I just wish he'd have been able to build the outsized B-52 he drew up as well as the monster that would have used 2 STRATOCRUISER fuselages as sort of pylons/engine pods slung under an enormous wing and huge fuselage.

Tue Jan 27, 2009 6:57 am

There is good information on the Guppy and the CL-44 (among others) on this site although I don't know how current it is http://www.oldprops.ukhome.net/contents.htm

Tue Jan 27, 2009 10:03 am

Here's a few old pic's from the 80's.

Image

Image

Image

Mike

Tue Jan 27, 2009 2:49 pm

I'm sticking to my El Paso thought...

I can't find anything on NASA's sites other than they say it a JSC aircraft based at Ellington. I found one 1990's copy of a JSC newsletter saying it is based in El Paso.

After a search I found this info from the El Paso Airport folks...they say it's based there.

http://www.elpasotexas.gov/news/_docume ... 8R-26L.pdf

Tue Jan 27, 2009 3:18 pm

FlightAware seems to show that the Guppy is still based at Ellington -

http://flightaware.com/live/flight/NASA941/history

Although, it's currently in Philadelphia for something.

Tue Jan 27, 2009 3:27 pm

I saw that too...I seem to remember RickH saying something about it one time..

Looking at Flight Aware; I was surprised how much flying it has been doing lately.

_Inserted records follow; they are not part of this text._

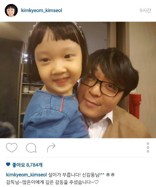 18일 아역배우 김설 부모가 운영하는 인스타그램에는 “설이가 부릅니다! 신감동님!”이라는 글과 함께 한장의 사진이 게재되었다.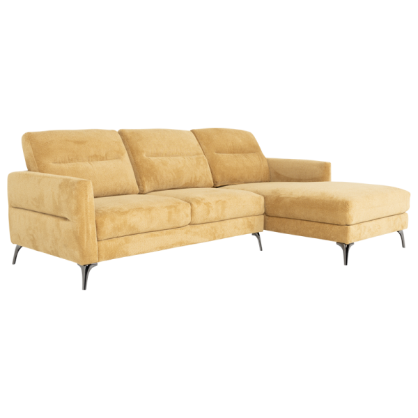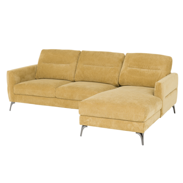 Ъглов диван INGA е модерно и удобно решение за всекидневна зона, съчетаващо стил и функционалност. Конструкцията му е изработена от дърво и метал, което гарантира стабилност и дълготрайност. Седалката предлага изключителен комфорт благодарение на пълнежа от полиуретан и покет пружини, които осигуряват еластичност и равномерна опора. Тапицерията от висококачествена дамаска придава мекота и елегантен вид, а металните крака допълват съвременния му характер. INGA е идеален избор за интериори, в които комфортът и стилът вървят ръка за ръка.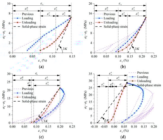 Stress–strain curves of siltstone under triaxial step loading and unloading tests for different values of : (a) 0 MPa, (b) 4 MPa, (c) 8 MPa, (d) 12 MPa, (e) 16 MPa, and (f) 20 MPa.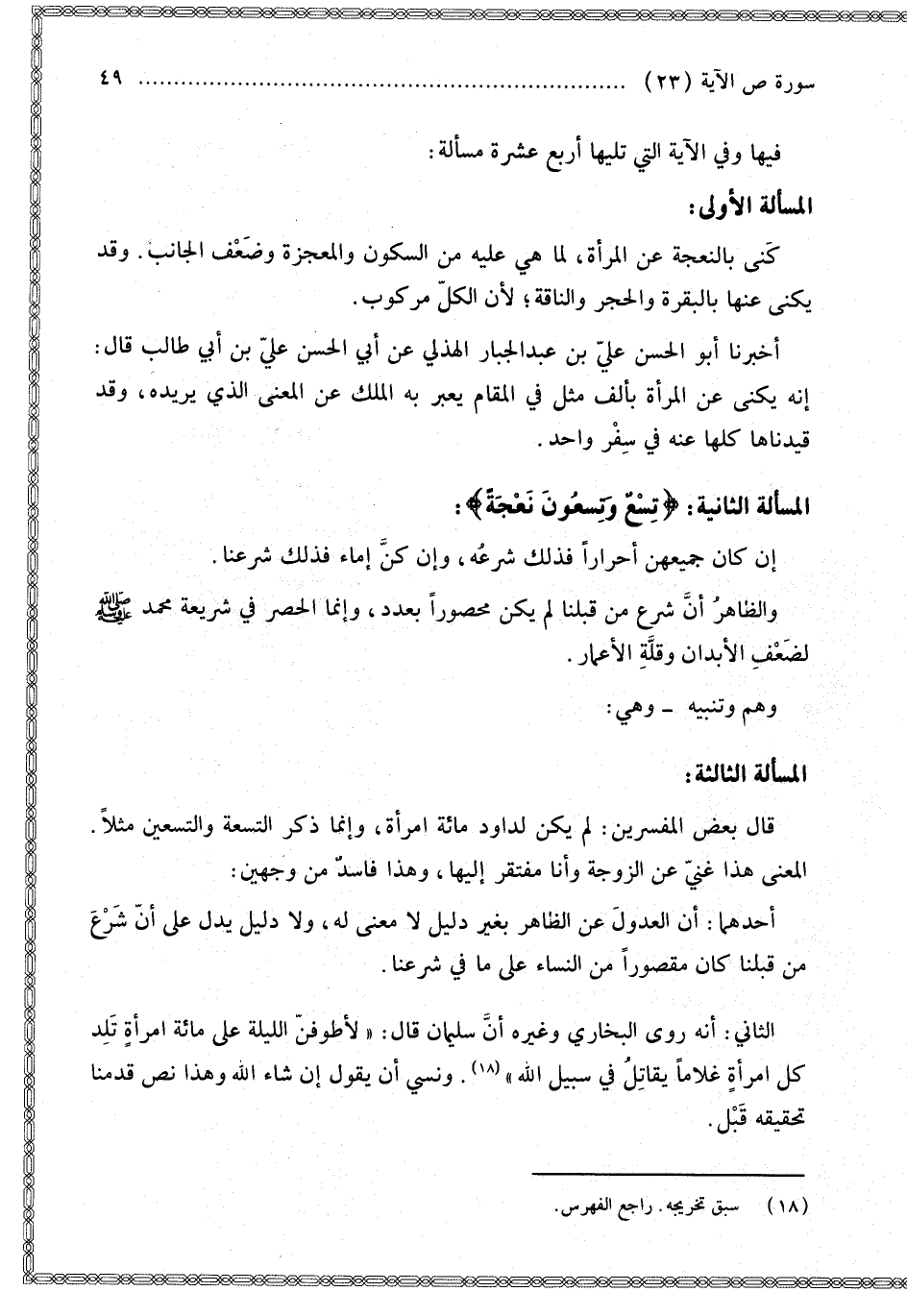 وَهْمٌ وَتَنْبِيهٌ وَهِيَ: الْمَسْأَلَةُ الثَّالِثَةُ قَالَ بَعْضُ الْمُفَسِّرِينَ: لَمْ يَكُنْ لِدَاوُدَ مِائَةُ امْرَأَةٍ، وَإِنَّمَا ذَكَرَ التِّسْعَةَ وَالتِّسْعِينَ

Wonder how many hours they put on it every year?

Tue Jan 27, 2009 3:30 pm

That's a good question as far as total hours of flying a year. The page I posted shows the last 30 days of operations, so I imagine the recent flying is currency flying to get the plane and crew ready to go since it came out of maintenance at Tinker.

Tue Jan 27, 2009 3:40 pm

"Based" in El Paso but they are at EFD a bunch and they were flying crew requals just the other day.

NASA 940 at Pima is different than the others. She was built out of the YC-97 turboprop conversion done when they were thinking about converting the C-97 fleet. NASA withdrew her because the engines and props are C-133. When they became hard to support, NASA sent it to AMARC.

The current Guppy is the last one flying and it came from Airbus. It was their #4.

Fri Jan 30, 2009 11:55 am

N941NA does visit PHL a couple times a year...

Fri Jan 30, 2009 7:37 pm

The Inspector wrote:I just wish he'd have been able to build the outsized B-52 he drew up as well as the monster that would have used 2 STRATOCRUISER fuselages as sort of pylons/engine pods slung under an enormous wing and huge fuselage.


Any more information on these beasts?